[Haskell-cafe] ANNOUNCE: iterIO-0.1 - iteratee-based IO with pipe operators
dm-list-haskell-cafe at scs.stanford.edu
dm-list-haskell-cafe at scs.stanford.edu
Mon May 16 21:31:37 CEST 2011
At Mon, 16 May 2011 10:56:02 +0100,
Simon Marlow wrote:
>
> Yes, it's not actually documented as far as I know, and we should fix
> that. But if you think about it, sequential consistency is really the
> only sensible policy: suppose one processor creates a heap object and
> writes a reference to it in the IORef, then another processor reads the
> IORef. The writes that created the heap object must be visible to the
> second processor, otherwise it will encounter uninitialised memory and
> crash. So sequential consistency is necessary to ensure concurrent
> programs can't crash.
>
> Now perhaps it's possible to have a relaxed memory model that provides
> the no-crashes guarantee but still allows IORef writes to be reordered
> (e.g. some kind of causal consistency). That might be important if
> there is some processor arcitecture that provides that memory model, but
> as far as I know there isn't.
Actually, in your heap object example, it sounds like you only really
care about preserving program order, rather than write atomicity.

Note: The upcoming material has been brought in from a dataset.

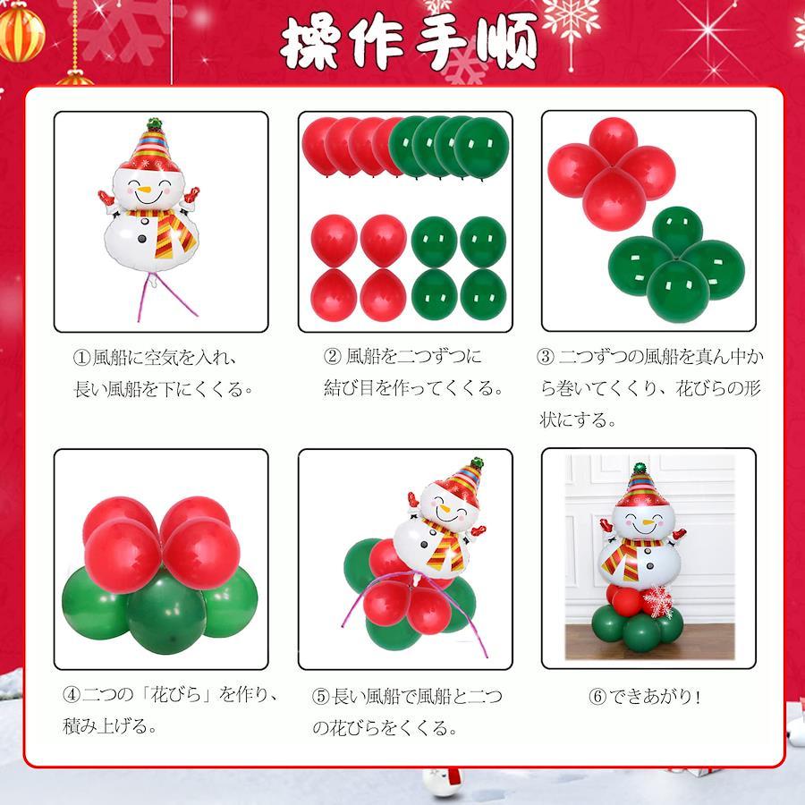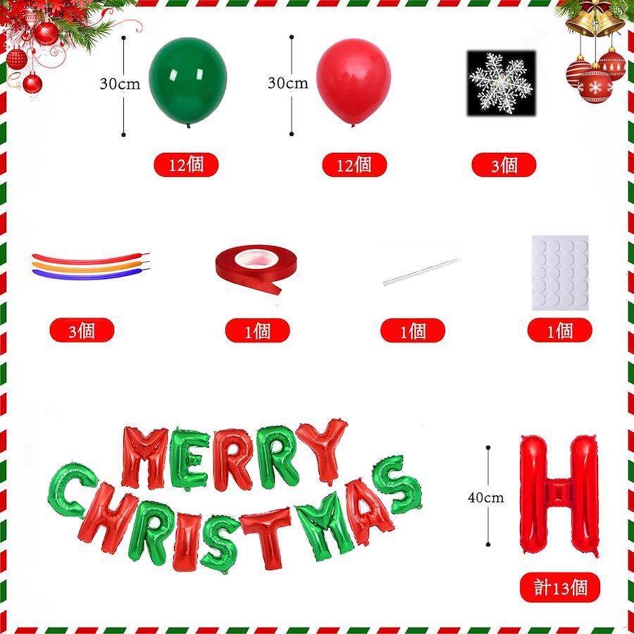 【セット内容】①Merry Christmas風船各文字×1 ②レッド風船×12 ③ミドリ風船×12 ④サンタクロース×1、クリスマスツリー×1、雪だるま×1、赤い色キャンディ×2、キャンディケイン×2 ④長い風船×3 ⑤スノーフレーク×3 ⑥小道具キット(リボンひも、両面テープ、ストロー) ⑦説明書(日本語)【厚しくした高品質のバルーン】各12インチラテックスバルーンは重さが2.8gで、より厚く、より弾力性があるので、空気やヘリウムガスで膨らませやすいです。強力な弾力性及び厚手の素材により、バルーンは空気が漏れにくく、その美しい形を長時間維持することができます。【高品質の風船】私たちの風船は、耐久性のあるアルミ箔と強力なラテックスで作られています。環境に優しい、耐久性と非毒性、爆発するのは容易ではなく、長寿命を持っています、彼らは子供のために使用することは安全です。自信を持ってご利用いただけます。【パーフェクトなクリスマス撮影用キット】このクリスマスバルーンデコレーションがあれば、一気にクリスマスの雰囲気を作り出すことができ、お子様たちがクリスマスを祝っているとき、その可愛い笑顔をあますことなく捉えることができます。夢のようなクリスマスパーティーを楽しんでください。【免責事項】メーカーによる商品リニューアルに伴いパッケージ(内容量も含む)変更が行われた場合、新パッケージでお届け致します事ご了承願います。

Thus, you can get away with less-than-sequential consistency and not
crash.
The x86 is an example of a relaxed memory model that provides the
no-crashes guarantee you are talking about. Specifically, the x86
deviates from sequential consistency in two ways
1. A load can finish before an earlier store to a different memory
location. [intel, Sec. 8.2.3.4]
2. A thread can read its own writes early. [intel, 8.2.3.5]
[Section references are to the intel architecture manual, vol 3a:
http://www.intel.com/Assets/PDF/manual/253668.pdf]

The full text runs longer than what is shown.